After the War, teacher self advocacy remained muted but other sectors of the culture ramped up to alter public education as the primary tool for building a modern society, and with it, the public’s perception of what it meant to be a teacher.
The movie movement began in earnest to influence the perception of public education. In 1955 Hollywood chose to highlight violence in “The Blackboard Jungle”. Rather than providing an impetus to problem solving, it became a rationale for criticism and downgrading of public education’s image. On Broadway and soon in theaters, “Inherit the Wind” presented the right of a public school teacher, John Scopes, to teach evolution. That argument is still current today and had a similar effect. Even though it may have been meant to advocate for academic freedom, it tended to present the teacher as an agent not subject to cultural control. This was in contrast to the benign and sentimental portrayal in “Goodbye, Mr. Chips” of the previous decade.
In the emerging world of television, Our Miss Brooks, played by Eve Arden, teaches English at Madison High, rents a room from Mrs. Davis, gets rides to school with student Walter, fights with Principal Conklin, and tries to snag shy biology teacher Boynton. It is significant that in the last year she switches to Mrs. Nestor’s private school.
Playing a witty, no-nonsense teacher, Miss Brooks is seen as a force not to be fooled, yet only within the walls of her classroom. Outside of this small arena, she is still unfulfilled romantically and so poor she cannot afford her own transportation to her classroom. Little attention is placed on her skills; rather it is her disciplinary attitude that is emphasized. She’s a good kid keeper.
Television wasted no time in launching its own educational or children’s content, piped directly into the children’s living room. Tucked in between westerns, cozy family scenarios, and crime dramas were Captain Kangaroo, Kukla Fran and Ollie, Romper Room, or HowdyDoody.
Children and their world were suddenly the important person, somewhat autonomous, and the focus on the show. While the family shows treated the younger members as part of the unit, Leave It to Beaver focused on a bewildered younger brother, Dennis the Menace presented mischievious behavior as funny, and Lassie featured boy’s best friend.
Quiz shows awarded money for knowledge. However The Rebel introduced the concept that being against authority could be a good trait. The Twilight Zone stood alone in exploring imagination and more serious perspectives on human nature. These shows began to change what people perceived as acceptable or desirable in family life, society, and even where learning could be found.
Meanwhile male scholars were busy, ramping up their views of how to model education by focusing on what they thought was wrong with it. Proposals for new school models included Bruno Bettelheim’s work in 1950, Milton Friedman proposed school vouchers in 1955, and John Goodlad proposed ungraded schools as the decade came to a close.
Major criticism of public education was led by Arthur Bestor, Jr., who complained about educational standards in 1953, calling education “a wasteland” and Rudolph Fleish explained why Johnny couldn’t read in 1955.
The red herring of the space race was laid at education’s feet when Life magazine wasted no time in comparing U.S. and Soviet systems of education in 1958 after the October 4, 1957 launch of Sputnik. Not to be outdone, C.P. Snow published “The Two Cultures” in 1959 claiming that the separation between science and humanities was hindering our ability to solve social problems. This set a precedent for laying any perceived cultural problem at the door of the teacher, who was heavily supervised and shackled in what she could and could not present.

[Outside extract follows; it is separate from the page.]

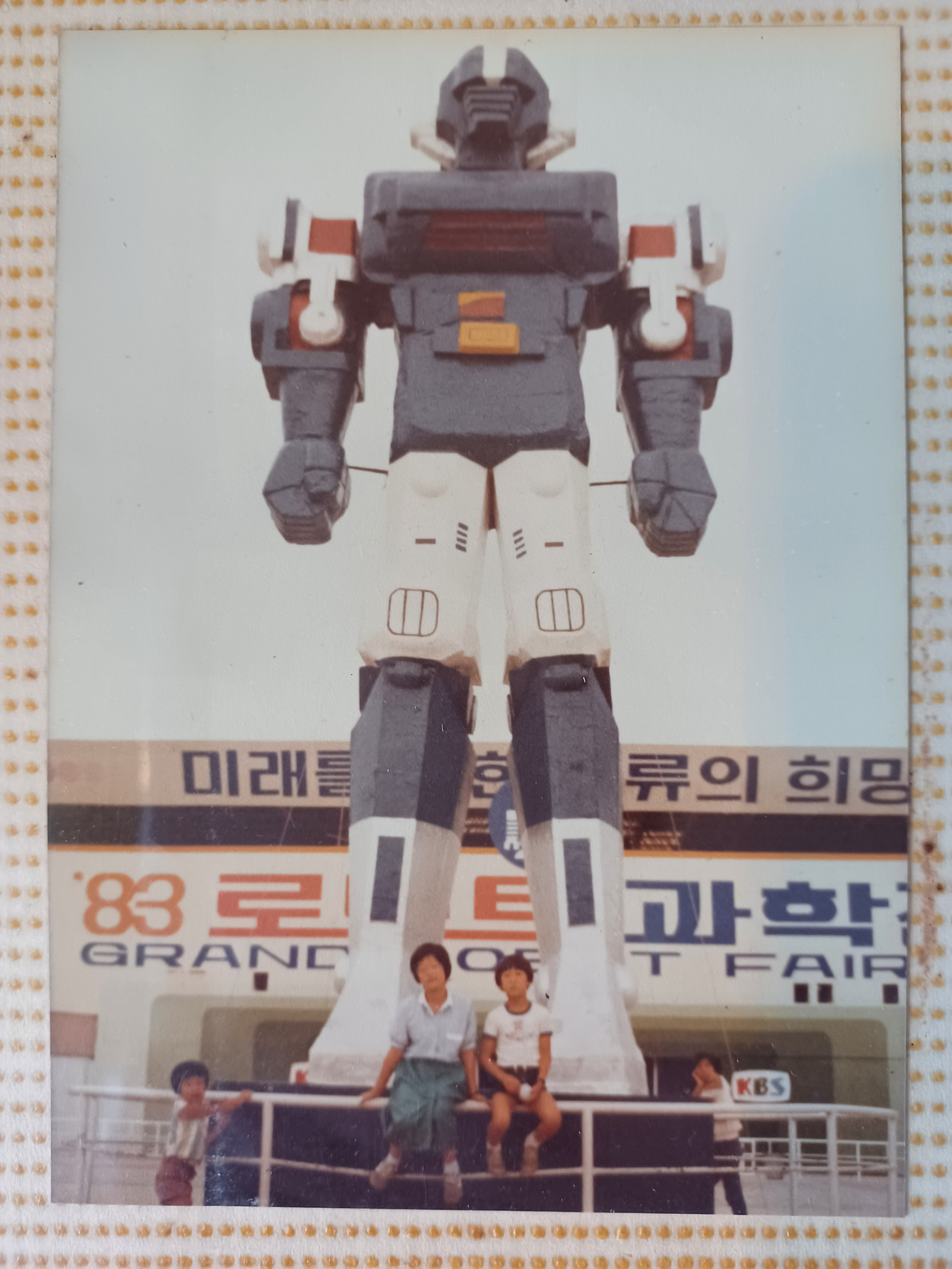회관 앞 광장에는 큰 모형이 전시되어 있었다. 어느 해엔 우주선이 높이 올려져 있고 다음 해엔 알록달록 아치 구조물이 세워졌는데 마지막으로 갔던 83년엔 태권브이가 서 있었다. 동생과 나는 그 앞에서 사진을 찍었다. 엄마는 손바닥만 한 코닥 필름 카메라에 우리의 모습을 담았다.

In the higher realms of the universities, Harvard had time to agonize over whether we could afford academic freedom in 1951. In contrast to Snow, in the same year Talcott Parsons had explained how education was a socializing force. Two years later how public schools dealt with religion was studied. Benjamin Bloom sought to categorize education into a hierarchy with his Taxonomy in 1956. To this day, this is one of the more useful developments that have practical benefits for teahcers.
During this decade Kingsley Amis published a satire about the academic world called “Lucky Jim.” Meanwhile a real Lucky Jim, Ivan Dixon, who later starred in “Hogan’s Heroes” and many other dramas, graduated from Lincoln Academy, a refuge for black students during segregation, claiming that “that school saved my life.” (http://schugurensky.faculty.asu.edu/moments/#50s) And in 1957 women had to disguise themselves as men to sneak into a campus lecture by John F. Kennedy. (http://schugurensky.faculty.asu.edu/moments/1957sarick.html)
But the voices that supported public education teachers were well muted. Critics would become even more strident in the next decade.